Prognostizieren Sie den durchschnittlichen Aktienkurs von Nikkei mithilfe von Twitter. Zunächst werde ich den allgemeinen Ablauf erläutern.
1, Holen Sie sich vergangene Tweets eines Kontos von Twitter mit der Twitter-API. 2, Analysieren Sie tägliche Tweets mit einem Polarwörterbuch. 3, Holen Sie sich Zeitreihendaten des durchschnittlichen Aktienkurses von Nikkei. 4, Prognostizieren Sie die Höhen und Tiefen des Aktienkurses am nächsten Tag anhand der täglichen Stimmung mithilfe von maschinellem Lernen.

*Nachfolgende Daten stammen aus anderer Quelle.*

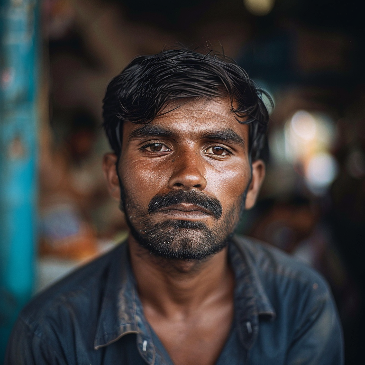 Portrait of a man with dark hair and beard, wearing a blue shirt, set against a blurred background. Introspective expression.

Sie benötigen ein Zugriffstoken, um Tweets von Twitte abzurufen. Dies entspricht der ID und dem PASS im Benutzerkonto
Es bezieht sich auf zwei Arten von Zeichenketten, "Access Token Key" und "Access Token Secret".
Hier erhalten Sie Tweets, die ein bestimmtes Wort enthalten.
import time
from requests_oauthlib import OAuth1Session
import json
import datetime, time, sys
CK = '' #Verbraucherschlüssel''Geben Sie ein
CS = '' #Verbrauchergeheimnis''Geben Sie ein
AT = '' #Zugangstoken''Geben Sie ein
AS = '' #Zugriff auf Token Secret''Geben Sie ein
session = OAuth1Session(CK, CS, AT, AS)
url = 'https://api.twitter.com/1.1/search/tweets.json'
res = session.get(url, params = {'q':u'python', 'count':100})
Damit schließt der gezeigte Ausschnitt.